Assemblyman Bill Magnarelli was the prime sponsor for three pieces of legislation, the first of its kind in New York State:
Amber Alert (2002): increases the potential for rapidly identifying and locating suspected child abductors by broadcasting pertinent information to the greatest number of people in the shortest possible time.
Missing Vulnerable Adult Alert (2011): modeled after Amber Alert, this system similarly broadcasts early and timely warnings of missing vulnerable adults with diminished mental abilities or physical impairments.
Shaken Baby Syndrome (2004): requires hospitals, birth centers, secondary school parenting classes and all NYS inmates to receive education and information on the dangers of “shaken baby syndrome”. The Assemblyman also sponsors a yearly Assembly resolution to promote Shaken Baby Syndrome awareness in New York.

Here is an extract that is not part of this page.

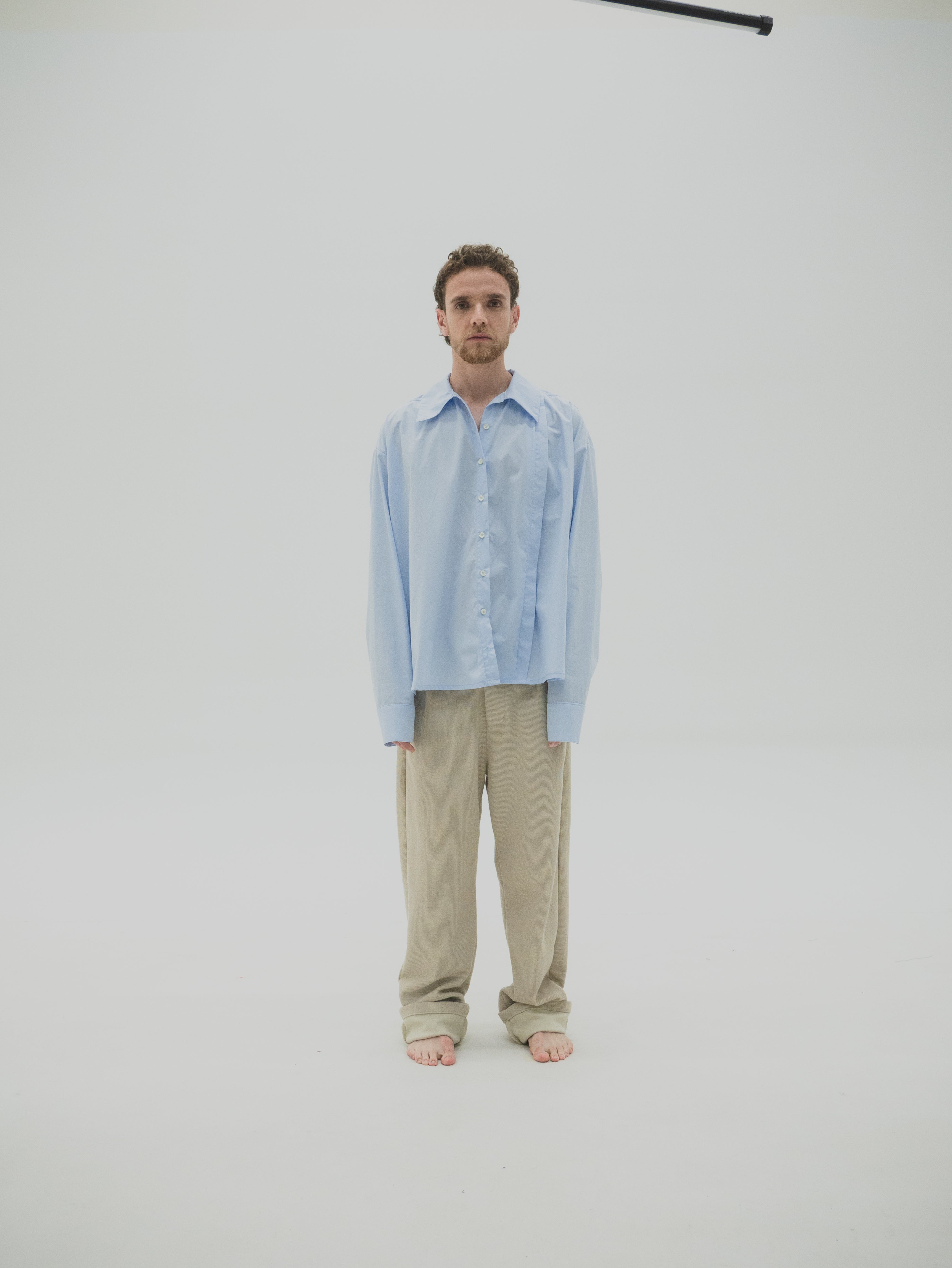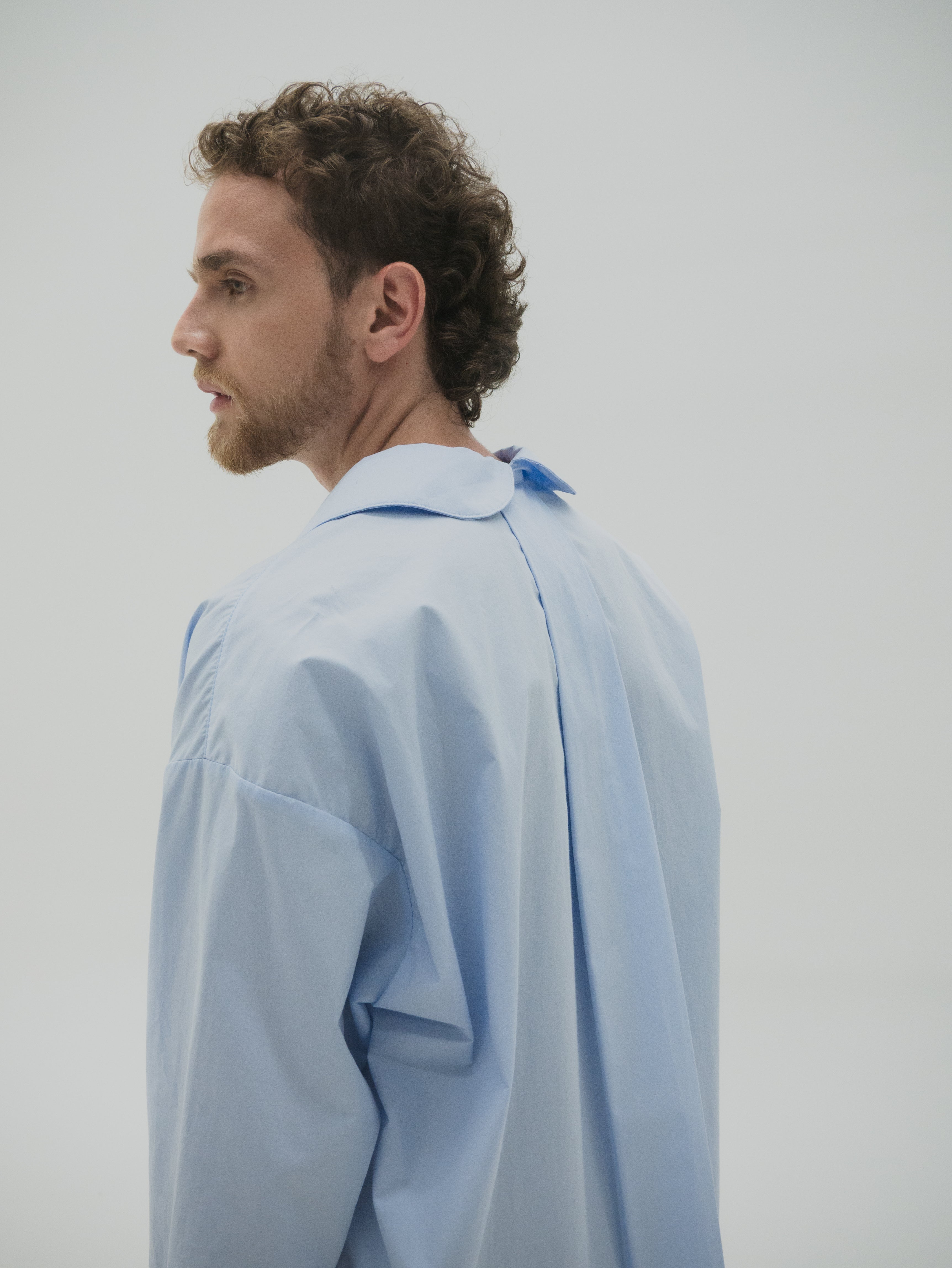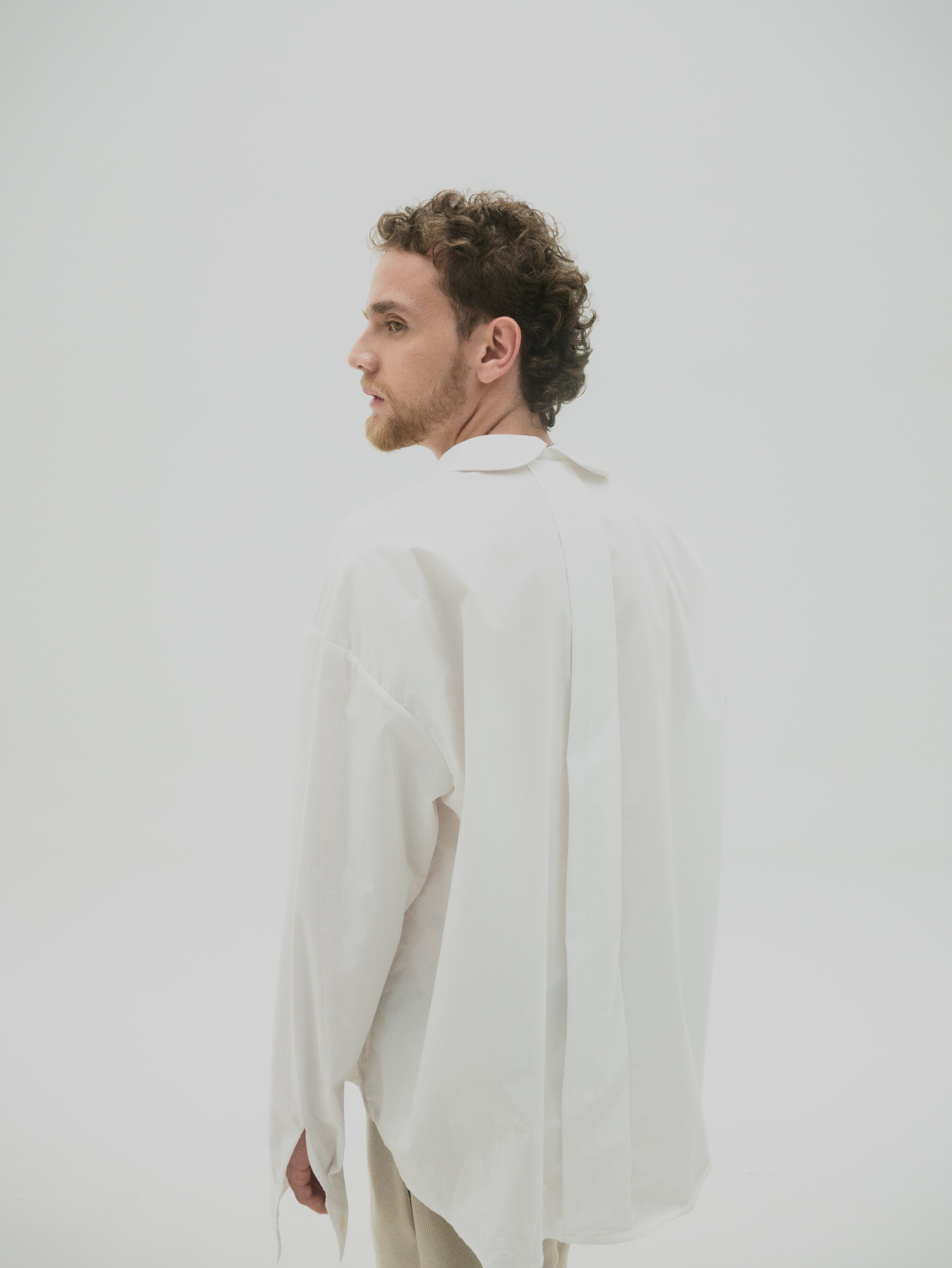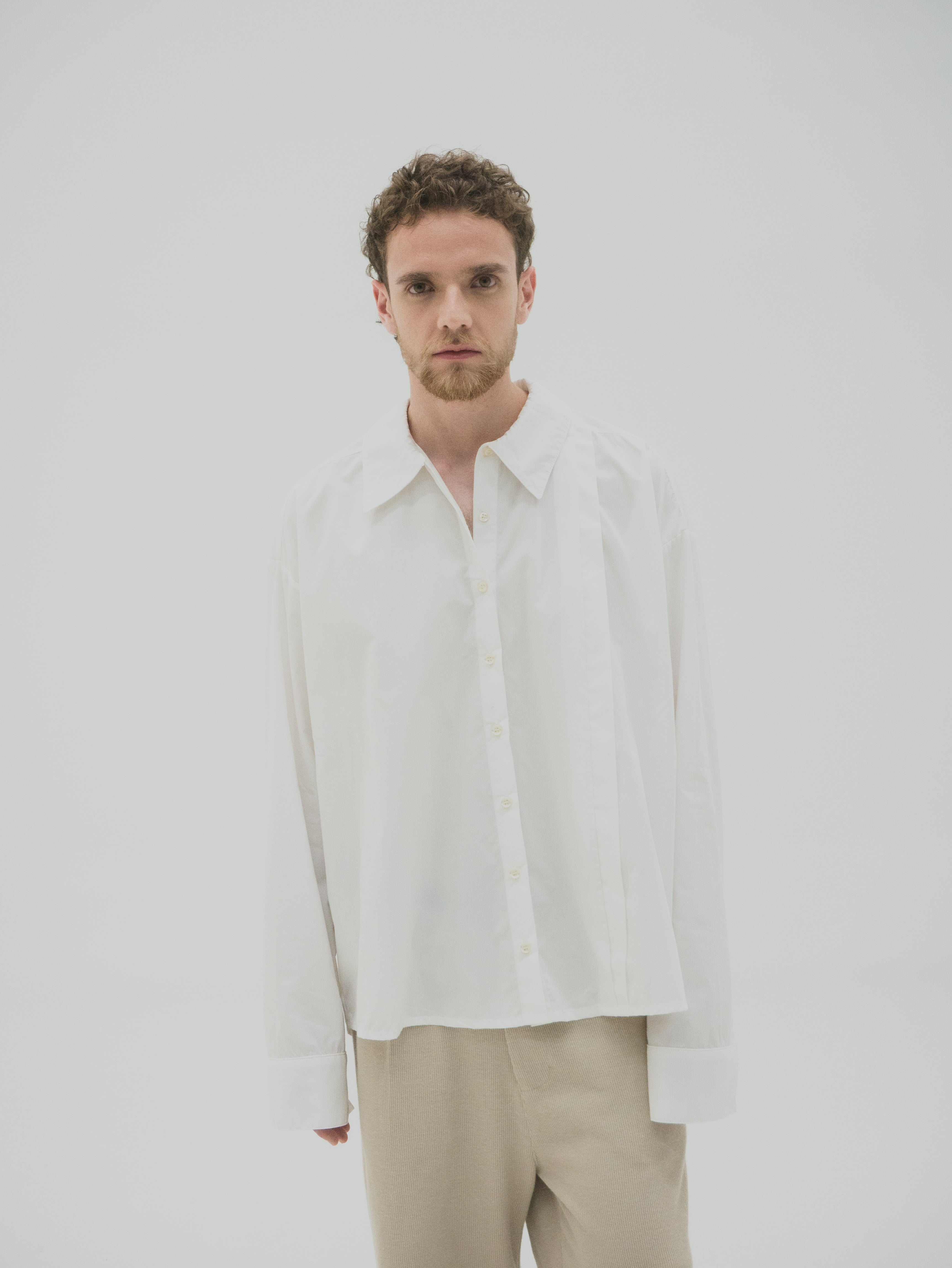 Camisa manga larga con estructura simétrica y silueta ligera. Presenta doble cuello, uno fijo en el espaldar y uno funcional en la parte frontal. Incluye pliegues laterales que genera volumen moderado sin comprometer la caída de la prenda, aportando un extra en el diseño de la pieza. Hecha en algodón ecológico.

The Missing Vulnerable Adults Alert was sponsored by Assemblyman William Magnarelli. The Alzheimer's Association of Central New York celebrated the bill's passage. It works much like the AMBER Alert system for children, alerting the public when there is a missing person who is believed to be vulnerable. Magnarelli says it's especially important when the temperature starts to drop. "If someone wanders off in the middle of June, that's one thing. If somebody wanders off with just a shirt on and leaves a nursing home or facility and it’s the middle of winter, you don't have a lot of time," said Magnarelli.
Assemblyman William B. Magnarelli and Julie Cecile, then executive director of the McMahon/Ryan Child Advocacy Site, demonstrate how a doll can help teach about the permanent and tragic consequences of Shaken Baby Syndrome. The doll from Realityworks uses lights to simulate brain damage or death from being violently shaken. Magnarelli is a vocal advocate of how education can help prevent Shaken Baby Syndrome. He has introduced three pieces of legislation that have become New York State law allowing for the showing of a video about the dangers of Shaken Baby Syndrome to new mothers, high school students and prison inmates.